### Problem to solve
Emit a verbatim copy of the lines below from the line with "Venkovní solární dekorativní" through the line with "2082/05/29 Class Resume", excluding pictures and everything outside that range.

Supplied records START

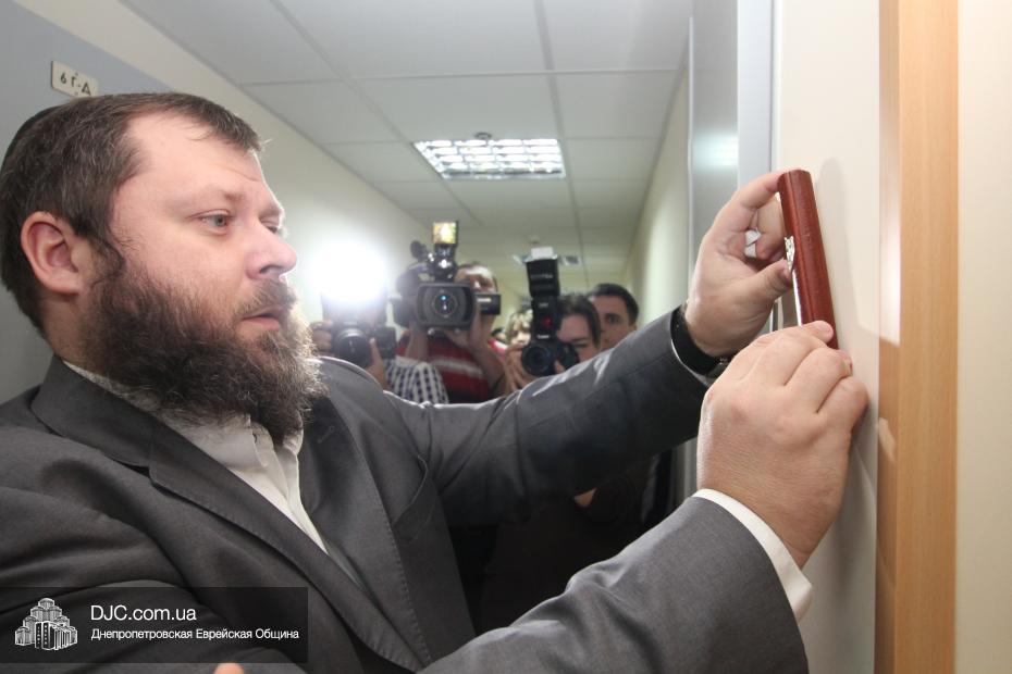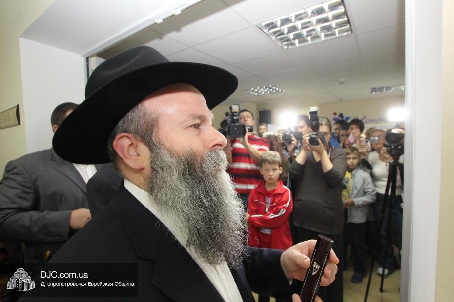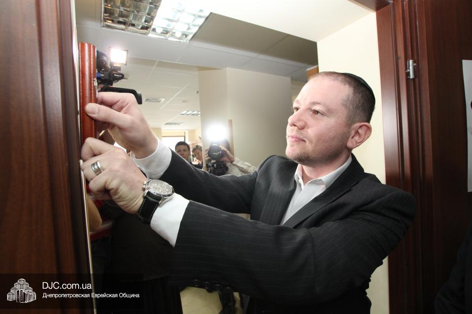 Честь прибить первую мезузу у главного входа в центр «Соломоника» была предоставлена Главному раввину Днепропетровска и региона Шмуэлю Каминецкому. Вторая мезуза была прикреплена у входа в творческие мастерские «Соломоники», и эту церемонию провел Председатель правления центра «Джойнт» в Восточной Украине Йонатан Лейфер. Честь прикрепить третью мезузу в переходе шестого этажа, у входа на ресепшн направления «Solomonika Kids», была предоставлена сойферу Давиду Мануйлову, который написал все три торжественно установленные мезузы и который является мужем Хагит Мануйловой, заместителя директора центра «Соломоника» по еврейскому наполнению.
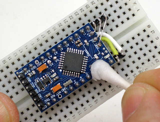 Testing is the only way to find out if your sensors can handle the variation, and if you don’t have time for that it might be worth keeping that voltage regulator on board despite the reduced lifespan. For field units, I usually replace the MIC5205 with a more efficient MCP1700 regulator because I want all the data consistency I can get. Another thing to keep in mind when you are hoping for a really low-power build is leakage currents through leftover flux – it’s always worth the time to get your parts squeaky-clean during construction.
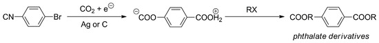 - Reche, I.; Mena, S.; Gallardo, I.; Guirado, G. Electrocarboxylation of Halobenzonitriles: An Environmentally Friendly Synthesis of Phthalate Derivatives. Electrochim. Acta 2019, 320, 134576. [Google Scholar] [CrossRef]
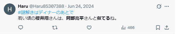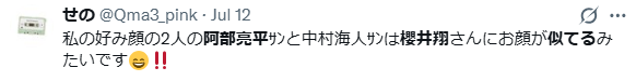 SNSで調べてみると阿部亮平さんと櫻井翔さんが似ているという意見が多くみられました。
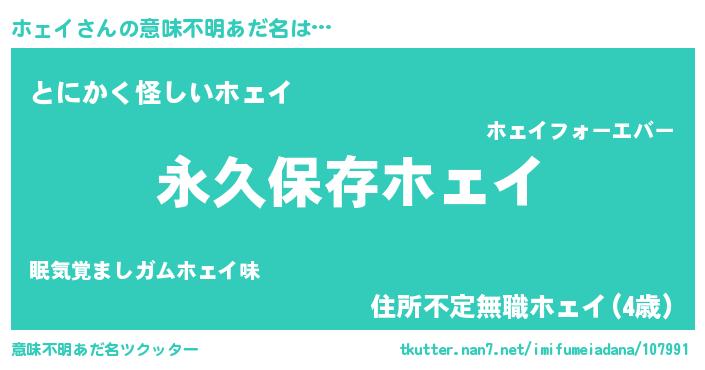 | ヘコむあだ名 | 『ホェイ(笑)』『ホェぷりん』 |
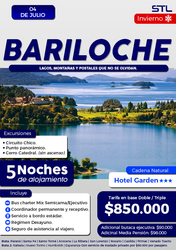 San Carlos de Bariloche es uno de los destinos más emblemáticos de la Patagonia, donde la naturaleza se luce en cada rincón: lagos cristalinos, montañas imponentes y bosques que parecen sacados de una postal. Ya sea para recorrer sus paisajes, disfrutar de la gastronomía regional o vivir experiencias al aire libre, Bariloche ofrece una combinación perfecta de aventura y relax durante todo el año, convirtiéndose en una escapada ideal para desconectar y dejarse sorprender.
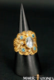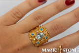 Inside the ring lies an aquamarine stone surrounded by 4 blue topaz stones.which give the ring it's distinctive and luxury design.
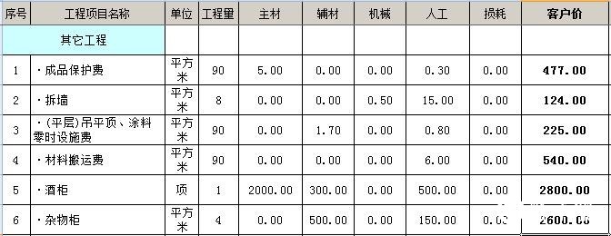 水电安装费用一般都比较贵,基础工程中还包括拆墙费用和成品保护费等费用,总预算在13875元。
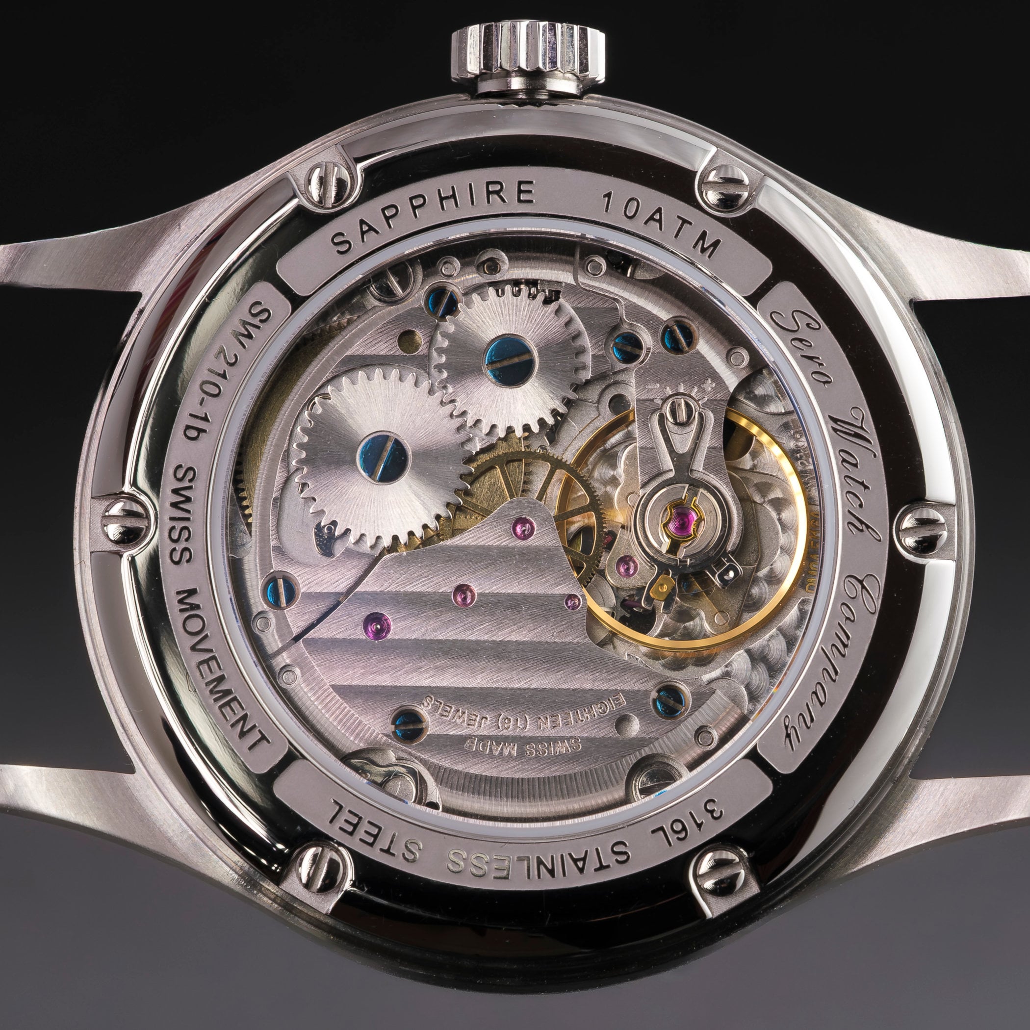 Despite its very vintage appeal, the Sero Signature relies on modern Swiss mechanics, in the form of the Sellita SW-210-1B. This manually wound, and rather slim calibre is based on the architecture of the Peseux 7001. With a size of 25.6mm by 3.35mm, it is the prime reason for the Signature’s pleasant dimensions. Running at a rate of 21,600vph, it holds up to 45 hours of power reserve. The Elaboré-grade movement can be seen through the caseback, with Geneva stripes, blued screws and snailed wheels. It’s nothing spectacular, but overall very nicely done and, rather importantly, reliable and easily serviced if needed!
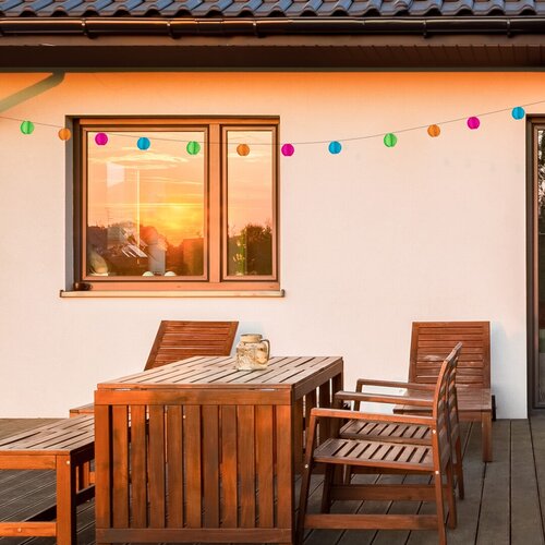 Venkovní solární dekorativní lampa Titu v tropickém stylu může být veselým doplňkem vaší terasy nebo zahrady. Ať už jde o večerní zahradní párty nebo celonoční párty, Titu zaručeně rozzáří náladu svými malými lucernami připomínajícími mini lucerny. Model je celý vyroben z plastu a jeho osm svítidel zapojených v řadě je doplněno barevnými stínítky. Zabudované LED světelné zdroje mají výkon 0,48 W, svítivost 4 lumenů se stínítkem a 8 lumenů bez stínítka, a životnost 10 000 hodin. Světelný zdroj s teplým bílým světlem má barevnou teplotu 3000 K. Díky světelnému senzoru se jas svítidla vždy přizpůsobí podmínkám. Baterie má napětí 1,2 V a kapacitu 600 mAh. Celková délka Titu je 2300 mm, každá hlava svítidla je vysoká 70 mm, o průměru 75 mm, délka kabelu je 2000 mm. Krytí IP44, zaručuje ochranu tohoto modelu proti vniknutí pevných předmětů větších než 1 mm a proti stříkající vodě z jakéhokoli směru. Ideální rozsah pracovních teplot –je –10–60 °C.
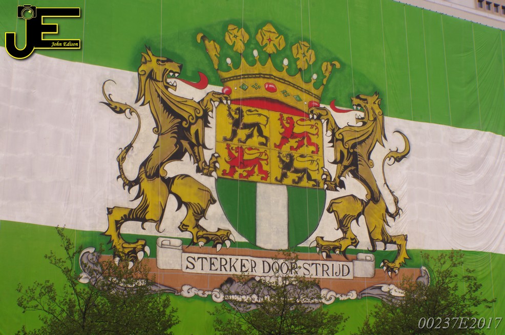06-05-2017 - Rotterdamse vlag van 80x41 meter over Shell gebouw Rotterdam
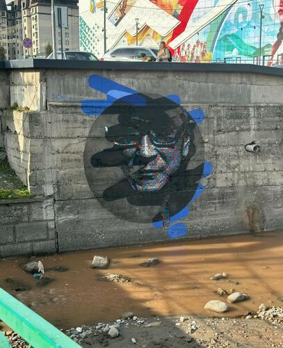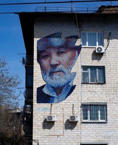- Ala-Archa River near Asia Mall shopping center: portrait of Ulan Dzhaparov, a pioneer and driver of modern art in Kyrgyzstan;
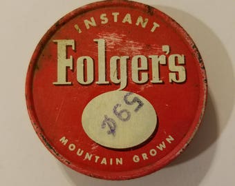 rare extra small folger's instant coffee jar lid metal advertising lid red vintage instant coffee mountain grown rustic primitive americana
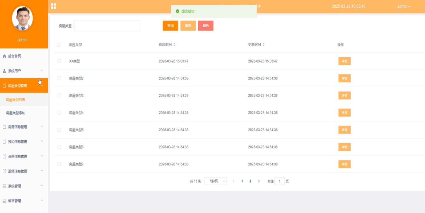 (3)房屋类型管理:管理所有房屋类型信息,包括添加、删除和修改房屋类型信息。
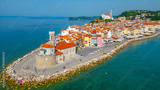 Aerial panorama view of Slovenian town Piran
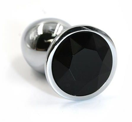 Анальная пробка из алюминия размер L. Страз в основании круглой формы, выполнен из стекла черного цвета. Упакована в вельветовый мешочек для хранения. Вес - 165,5 гр.
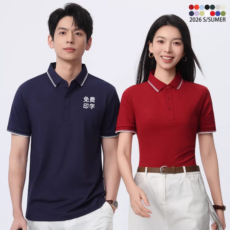 📚 翻领短袖POLO衫男士夏季工作服T恤团体服广告衫工装定制印字logo
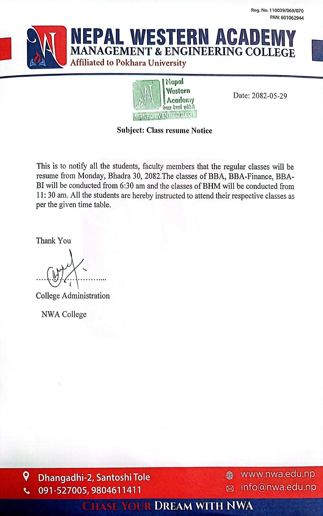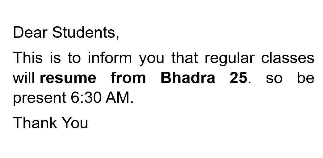2082/05/29 Class Resume Notice for BBA/BHM/BBA-Finance/BBA-BI
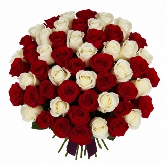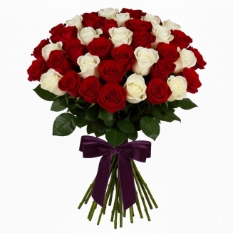 Elegant bouquet of 51 red and white roses tied with a dark purple ribbon – a symbol of love, passion, and purity. Perfect for a romantic or special occasion.
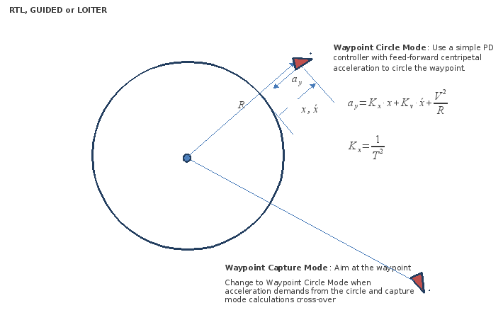 对 RTL、GUIDED 和 LOITER 模式中使用的航点圆跟踪算法进行了修改,以使用修改后的 PD 控制律,而不是 L1 控制律。这样做是必要的,因为这样可以使较小的闲置半径与较大的 NAVL1_PERIOD.
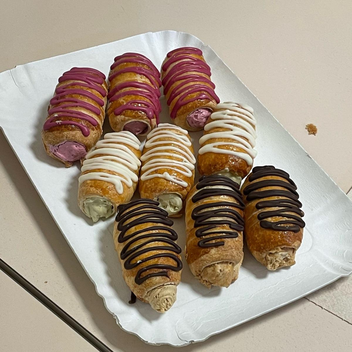 Li ha portati una mia collega al lavoro per noi 3 vegani. Sono dei cannoncini ripieni con crema al lampone, al pistacchio e al burro di arachidi.Spaziali 🥹🥹🥹
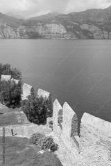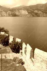 Blick vom Turm der Scaligerburg, Castello Scaligero in Malcesine in Italien auf den darunterliegenden Gardasee mit den Bergen am anderen Ufer
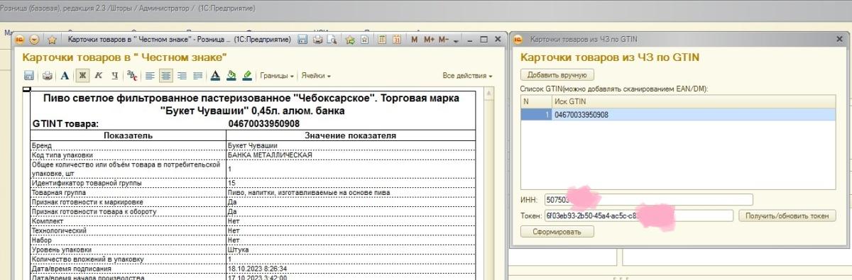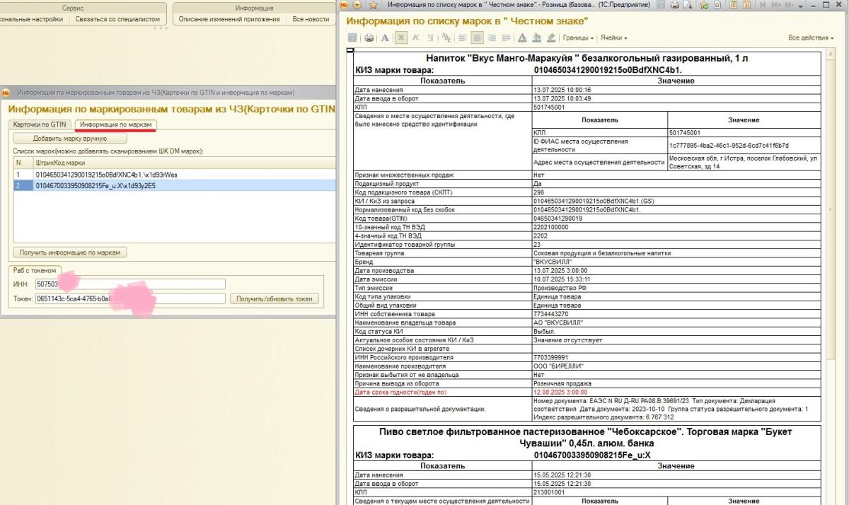 А эта "игрушка", отчетик, который можно запустить из любой конфы, связка с типовыми только по сканеру через БПО который... Остальное все свое. (52) ну, это само собой: ДатаОконч = ТекСертификат.ValidToDate; Если ДатаОконч > ТекущаяДата Тогда Только тогда добавляется в список. PS Добавил к карточкам по GTIN, еще инфу по марам: ![]() Ну, а чего не сделать - токен есть, только еще один запрос и ПФ прикрутить :-) |
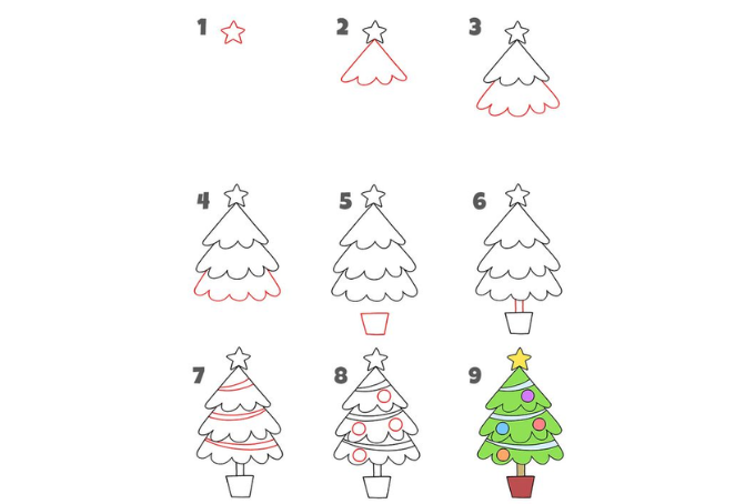 Hướng dẫn vẽ thiệp Giáng sinh với hình cây thông Noel
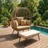 Jane ensemble fauteuil sur pied effet rotin et repose-pieds avec coussin beige
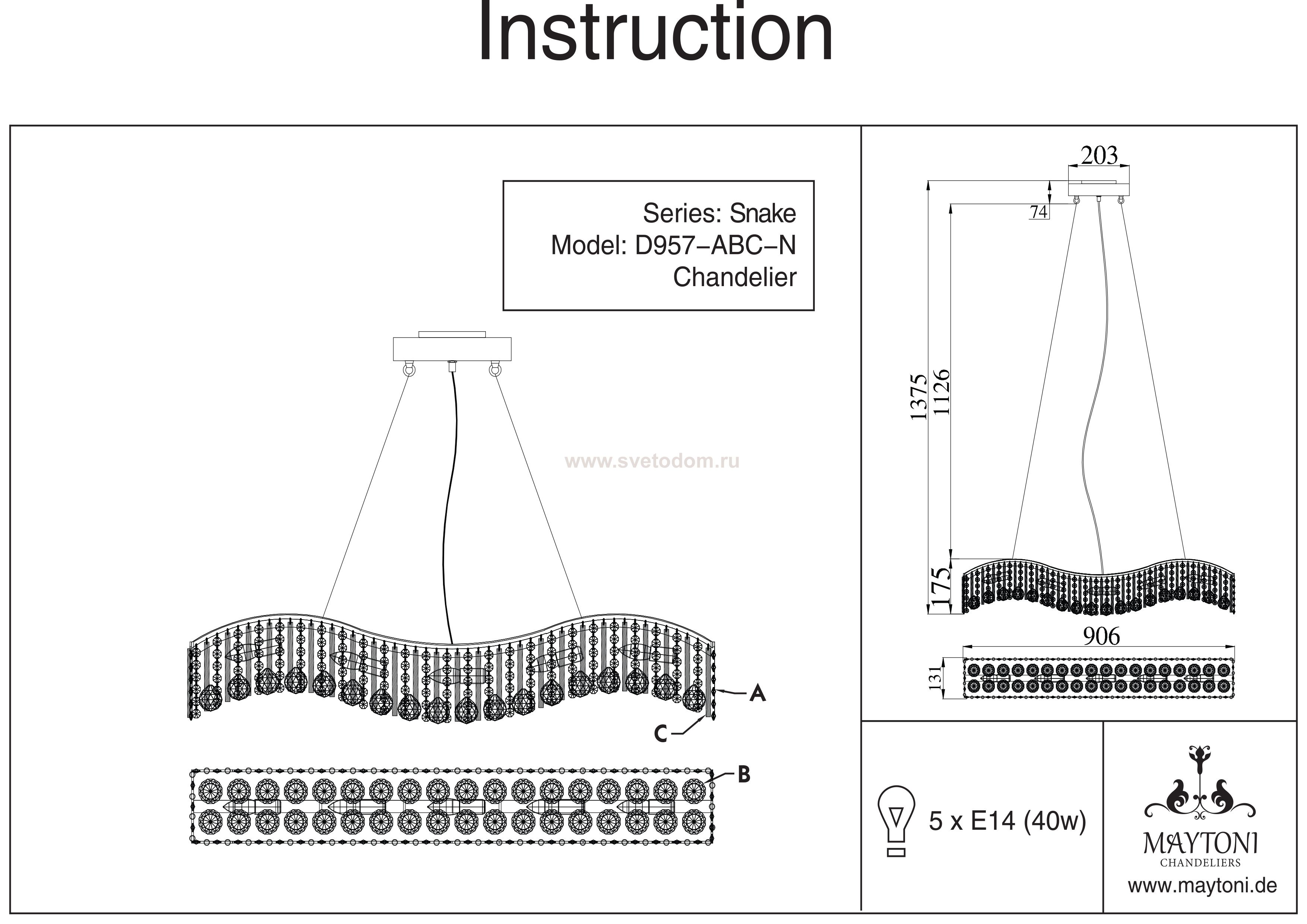 100 Отзывы Люстра Maytoni D957-ABC-N SnakeПока нет отзывов об этом товаре, напишите и он обязательно появится после модерации! Оставить свой отзывПохожие товары Другие товары магазина Фото

Supplied records END

### Reply
 Venkovní solární dekorativní lampa Titu v tropickém stylu může být veselým doplňkem vaší terasy nebo zahrady. Ať už jde o večerní zahradní párty nebo celonoční párty, Titu zaručeně rozzáří náladu svými malými lucernami připomínajícími mini lucerny. Model je celý vyroben z plastu a jeho osm svítidel zapojených v řadě je doplněno barevnými stínítky. Zabudované LED světelné zdroje mají výkon 0,48 W, svítivost 4 lumenů se stínítkem a 8 lumenů bez stínítka, a životnost 10 000 hodin. Světelný zdroj s teplým bílým světlem má barevnou teplotu 3000 K. Díky světelnému senzoru se jas svítidla vždy přizpůsobí podmínkám. Baterie má napětí 1,2 V a kapacitu 600 mAh. Celková délka Titu je 2300 mm, každá hlava svítidla je vysoká 70 mm, o průměru 75 mm, délka kabelu je 2000 mm. Krytí IP44, zaručuje ochranu tohoto modelu proti vniknutí pevných předmětů větších než 1 mm a proti stříkající vodě z jakéhokoli směru. Ideální rozsah pracovních teplot –je –10–60 °C.
06-05-2017 - Rotterdamse vlag van 80x41 meter over Shell gebouw Rotterdam
- Ala-Archa River near Asia Mall shopping center: portrait of Ulan Dzhaparov, a pioneer and driver of modern art in Kyrgyzstan;
 rare extra small folger's instant coffee jar lid metal advertising lid red vintage instant coffee mountain grown rustic primitive americana
 (3)房屋类型管理:管理所有房屋类型信息,包括添加、删除和修改房屋类型信息。
 Aerial panorama view of Slovenian town Piran
 Анальная пробка из алюминия размер L. Страз в основании круглой формы, выполнен из стекла черного цвета. Упакована в вельветовый мешочек для хранения. Вес - 165,5 гр.
 📚 翻领短袖POLO衫男士夏季工作服T恤团体服广告衫工装定制印字logo
2082/05/29 Class Resume Notice for BBA/BHM/BBA-Finance/BBA-BI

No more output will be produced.